Anderson is uncannily like Thatcher, not just impressionistic in breathy cadence and distinct physicality, but in that steely determination and unbending ideology that earned her the Iron Lady nickname.
She's a heavyweight presence in the series, one that dwarfs most of the royal characters, and that supposedly tense relationship between Thatcher and the Queen is mined for bountiful dramatic purposes.
Thatcher is ill-at-ease among the royals, and she doesn't have much patience for their protocols and traditions. Her peacock blue power suit standing out starkly among their brown plaids in the Scottish Highlands when she's invited to stay at Balmoral.
The season smartly explores the complexity of the divisive leader. She was Britain's first female PM, and one who faced the patronising machinations of an army of like-faced old white men. But the series also reminds us that Thatcher was never interested in bringing other women along with her, and even felt them temperamentally unsuited to lead.
So, while there are moments when Thatcher is sympathetic, and certainly having someone like Anderson in that role goes a long way to humanising her, The Crown also highlights the social destruction wrought by her hardline economic policies.
When Anderson as Thatcher waxes lyrical about loyalty to individualism over social and community duty, it stings that the hangover from that particular bout of Thatcherism remains. It's also at odds with the Queen's ethos (or so we've been told).
The sight of two hard-coiffured, middle-aged women with their small handbags playing power games at the highest level is quite the tableau. Even The Crown fans who prefer the personal over the political won't be disappointed in the interpersonal dynamics in these scenes.
Especially as it gives Olivia Colman (who, while brimming with talent, hasn't fallen into the role as easily as her predecessor Claire Foy) her meatiest scenes in the two seasons she's played Elizabeth II.
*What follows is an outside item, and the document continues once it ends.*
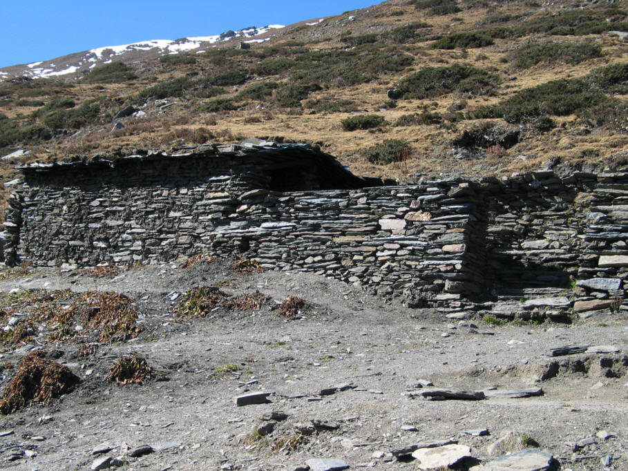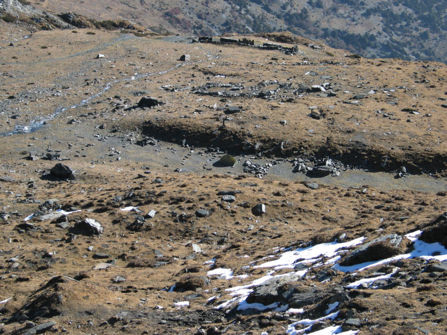 Vielleicht lag es an der miesen Nacht. Aber der nächste Tag war trotz strahlend sonnigem Morgen nicht “mein Tag”. Die Etappe war verhältnismässig kurz. Ich wollte weiter aufsteigen, bis zum nächsten Zeltplatz nach Yak Kharka (4170 m). Leider erwischte ich auch hier nicht den korrekten Weg und stieg zu weit links (südlich) am Hang auf. Hier war überhaupt kein Weg und dementsprechend mühselig kämpfte ich mich nach oben. Oft musste ich schon nach wenigen Metern stehenbleiben, durchatmen, versuchen einen gangbaren Pfad durch die verkrüppelten Latschen zu finden. Das ist wesentlich anstrengender, als einem vorgegebenen Weg einfach nur zu folgen. Weiter oben kreuzte ich den Hang wieder nach Norden und erreichte eine Steinhütte. Auf den Steinplatten vor der Hütte sank ich erschöpft nieder und blieb fast eine Stunde in der Sonne dösend liegen. Von hier war es nun nicht mehr weit bis zum Zeltplatz in Yak Kharka. Auch hier konnte ich mir den besten Platz aussuchen, da auch hier niemand ausser mir war.

But if it is personal scandals that you crave, the Charles and Diana saga provides plenty of fodder, with many dramatisations of the revelations that came from Diana's 1995 Panorama interview.
The series and writer Peter Morgan take pains to parse the two sides to Charles and Diana's deeply unhappy marriage, a feat made much easier after the groundwork did by season three standout Josh O'Connor to de-villain the heir apparent.
Emma Corrin captures Diana's youth and naivete in the early episodes as well as the decade-long journey to breaking point, as her despair grows in a family she feels is cold and uncaring.
Diana's bulimia flashes up at several points throughout the series, but it's balanced by lighter moments of her dancing, or the way she is energised and rejuvenated, even momentarily, by the adulation from strangers in the crowd. The Crown remembers Diana as not always a tragic figure.
The phenomenon of people falling in love with the "People's Princess" is encapsulated in an episode that primarily revolves around the 1983 royal tour in Australia, and it fuels resentment among the rest of the royals.
The Crown is sympathetic to and critical of both Diana and Charles, and that's probably as it should be, but it did find the rigidity of the royal family as culpable for the damage – and there's an obvious stag hunting metaphor in case you think The Crown might be subtle about such things.
Corrin, a relative newcomer, carries the emotional demands of that role well, and it's a shame that we won't get to see more of her Diana (Elizabeth Debicki will take over the role for season five as part of the wholesale cast change).
The Crown loves the drama of the people it's portraying, more than it loves delving into the socio-economic-political ramifications of how this family sits within modern Britain.
For sure, it tips its hat into those spaces – an episode centred on Michael Fagan, the man who broke into the Queen's bedroom, recasts the intruder as a Ken Loach-type working class hero – but it never goes deep enough to really satisfy political or historical junkies.
That's probably not why its fans love it anyway. Because when it comes to opening those doors into the inner lives of the royals, The Crown takes you there, even if maybe none of it happened.